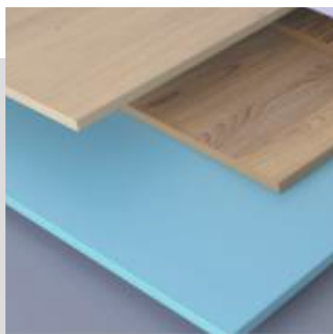
Laminoitu lastulevy Egger

Valitsemme sinulle viimeistelyvaihtoehdon, joka sopii parhaiten sisustukseesi. Teemme työtä maailman parhaiden toimittajien kanssa, niin voimme tarjota sinulle laajan valikoiman korkealaatuisia pinnoitteita.
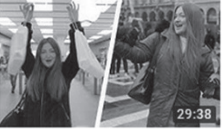
Milano'da 29 Saat Geçirdim! iPhone X Çekiliş Sonuçları 29:38

-------

Take the data above and set it down exactly, images excluded.

Laminoitu lastulevy Egger

Valitsemme sinulle viimeistelyvaihtoehdon, joka sopii parhaiten sisustukseesi. Teemme työtä maailman parhaiden toimittajien kanssa, niin voimme tarjota sinulle laajan valikoiman korkealaatuisia pinnoitteita.
Milano'da 29 Saat Geçirdim! iPhone X Çekiliş Sonuçları 29:38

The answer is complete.